** DATA EXCERPTS follows **

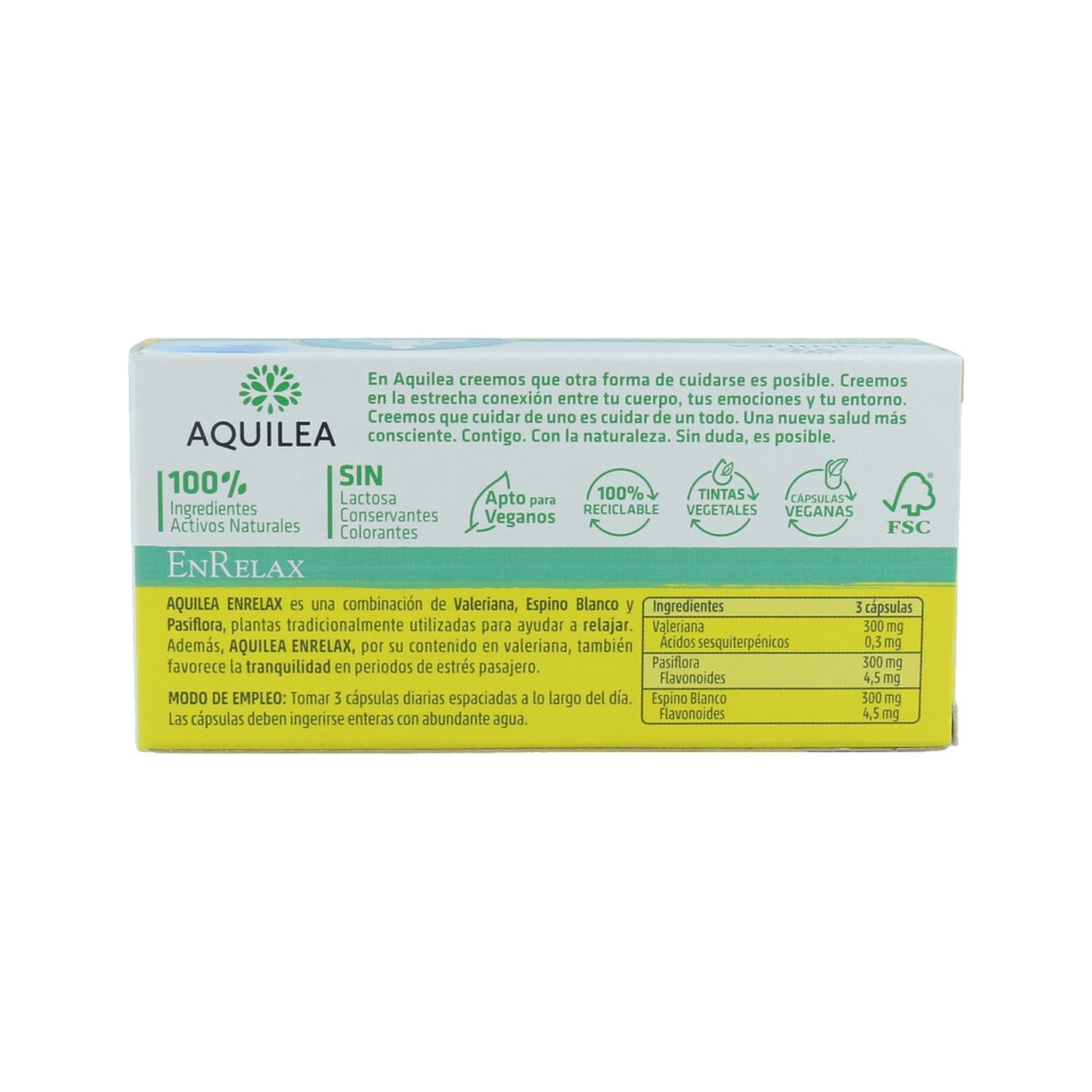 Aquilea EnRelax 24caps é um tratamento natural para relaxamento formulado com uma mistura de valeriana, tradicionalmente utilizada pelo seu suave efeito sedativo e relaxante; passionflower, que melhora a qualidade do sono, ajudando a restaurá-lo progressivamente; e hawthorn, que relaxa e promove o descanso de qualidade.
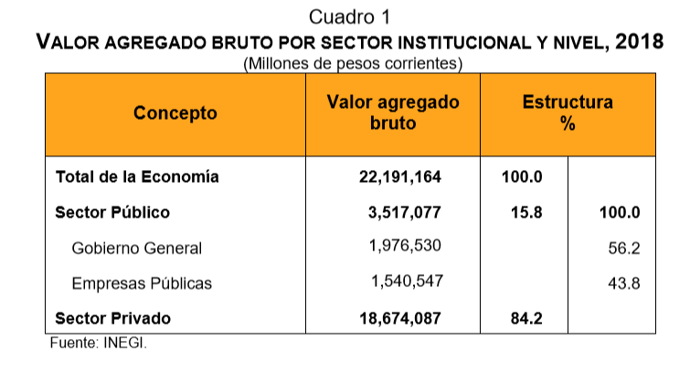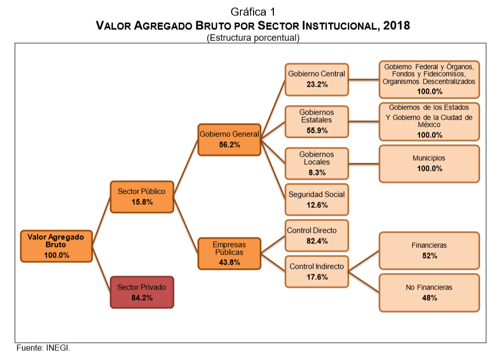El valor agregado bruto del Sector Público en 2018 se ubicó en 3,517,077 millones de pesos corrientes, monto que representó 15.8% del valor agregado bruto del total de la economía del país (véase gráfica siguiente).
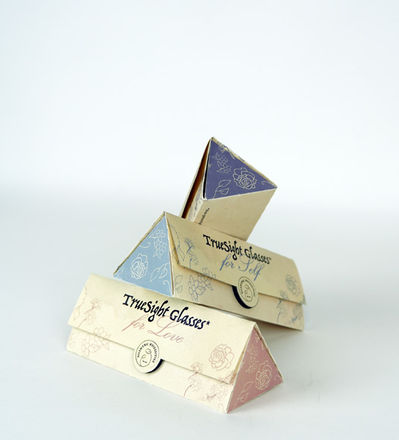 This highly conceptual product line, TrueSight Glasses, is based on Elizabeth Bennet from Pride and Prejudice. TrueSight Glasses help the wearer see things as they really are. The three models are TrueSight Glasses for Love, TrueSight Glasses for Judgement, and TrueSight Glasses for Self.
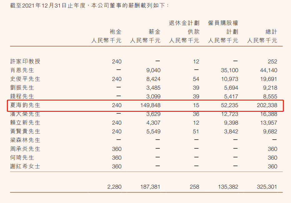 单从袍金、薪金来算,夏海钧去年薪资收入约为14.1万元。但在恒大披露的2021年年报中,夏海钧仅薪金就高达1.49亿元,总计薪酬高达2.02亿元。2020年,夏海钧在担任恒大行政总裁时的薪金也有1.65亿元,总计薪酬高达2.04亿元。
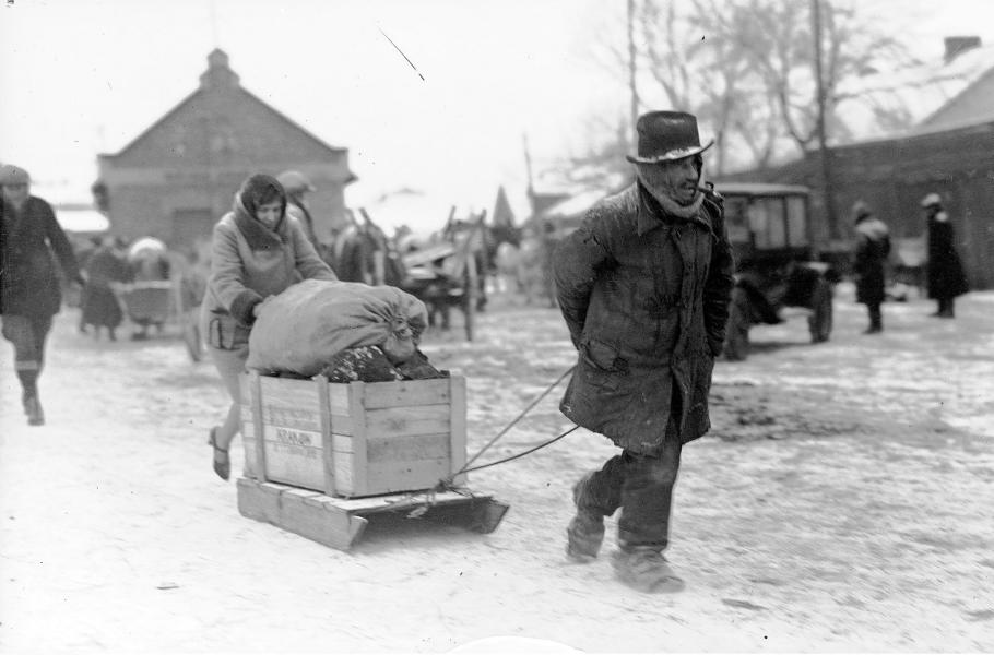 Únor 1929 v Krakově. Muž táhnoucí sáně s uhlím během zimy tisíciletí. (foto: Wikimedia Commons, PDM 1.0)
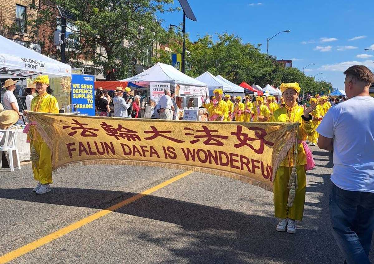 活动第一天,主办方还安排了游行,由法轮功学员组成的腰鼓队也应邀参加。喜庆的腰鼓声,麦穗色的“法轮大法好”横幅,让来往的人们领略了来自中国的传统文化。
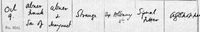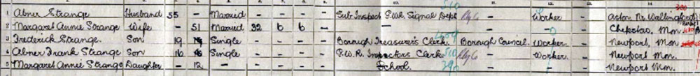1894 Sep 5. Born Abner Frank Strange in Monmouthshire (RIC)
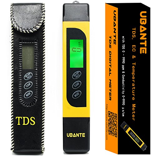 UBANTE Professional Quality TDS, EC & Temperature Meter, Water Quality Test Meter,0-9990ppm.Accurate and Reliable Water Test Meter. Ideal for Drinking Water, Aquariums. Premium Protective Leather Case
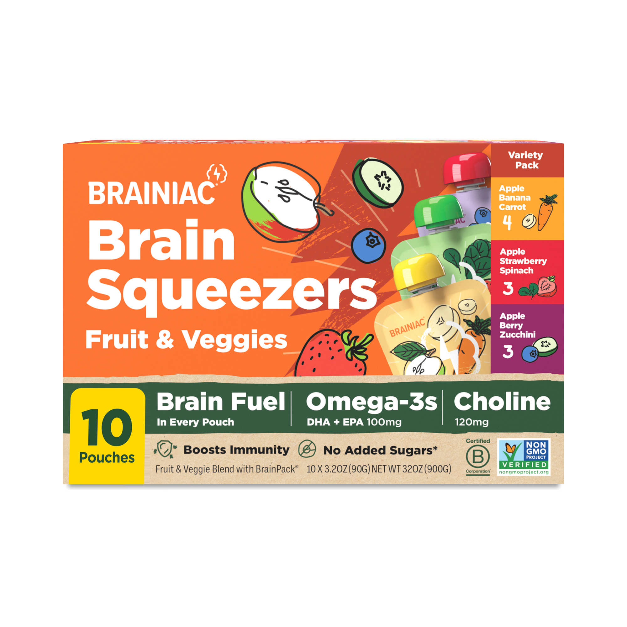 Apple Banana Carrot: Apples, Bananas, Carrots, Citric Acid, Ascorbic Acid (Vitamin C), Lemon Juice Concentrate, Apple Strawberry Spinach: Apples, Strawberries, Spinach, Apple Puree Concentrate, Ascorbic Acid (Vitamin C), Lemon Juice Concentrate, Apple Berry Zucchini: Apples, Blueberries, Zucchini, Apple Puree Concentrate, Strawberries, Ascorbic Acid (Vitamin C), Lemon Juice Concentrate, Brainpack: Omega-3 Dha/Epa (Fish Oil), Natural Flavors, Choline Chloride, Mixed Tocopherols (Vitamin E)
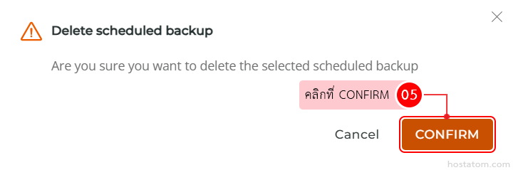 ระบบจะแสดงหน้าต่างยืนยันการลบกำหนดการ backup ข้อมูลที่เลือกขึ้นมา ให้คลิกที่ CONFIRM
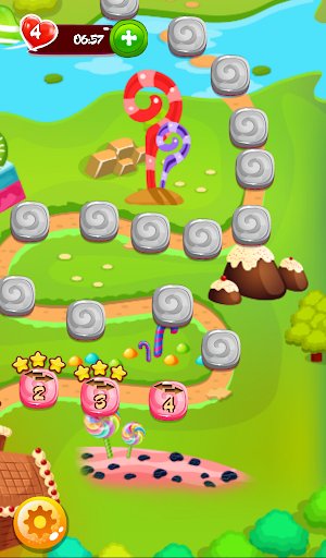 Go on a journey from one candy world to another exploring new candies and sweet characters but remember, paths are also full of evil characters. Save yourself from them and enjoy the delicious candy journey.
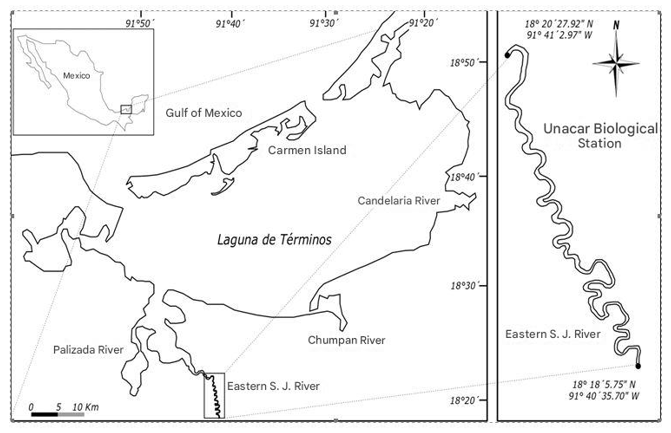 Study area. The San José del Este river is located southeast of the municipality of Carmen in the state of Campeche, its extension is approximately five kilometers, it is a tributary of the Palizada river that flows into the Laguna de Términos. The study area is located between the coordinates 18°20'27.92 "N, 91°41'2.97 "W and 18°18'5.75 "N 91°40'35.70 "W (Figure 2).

** End of DATA EXCERPTS **

### PROMPT
Transcribe, without alteration, each line from the one with "Apple Banana Carrot: Apples, Bananas, Carrots, Citric" through the last line of the data; no pictures belong in the copy.

### COMPLETED TASK
 Apple Banana Carrot: Apples, Bananas, Carrots, Citric Acid, Ascorbic Acid (Vitamin C), Lemon Juice Concentrate, Apple Strawberry Spinach: Apples, Strawberries, Spinach, Apple Puree Concentrate, Ascorbic Acid (Vitamin C), Lemon Juice Concentrate, Apple Berry Zucchini: Apples, Blueberries, Zucchini, Apple Puree Concentrate, Strawberries, Ascorbic Acid (Vitamin C), Lemon Juice Concentrate, Brainpack: Omega-3 Dha/Epa (Fish Oil), Natural Flavors, Choline Chloride, Mixed Tocopherols (Vitamin E)
 ระบบจะแสดงหน้าต่างยืนยันการลบกำหนดการ backup ข้อมูลที่เลือกขึ้นมา ให้คลิกที่ CONFIRM
 Go on a journey from one candy world to another exploring new candies and sweet characters but remember, paths are also full of evil characters. Save yourself from them and enjoy the delicious candy journey.
 Study area. The San José del Este river is located southeast of the municipality of Carmen in the state of Campeche, its extension is approximately five kilometers, it is a tributary of the Palizada river that flows into the Laguna de Términos. The study area is located between the coordinates 18°20'27.92 "N, 91°41'2.97 "W and 18°18'5.75 "N 91°40'35.70 "W (Figure 2).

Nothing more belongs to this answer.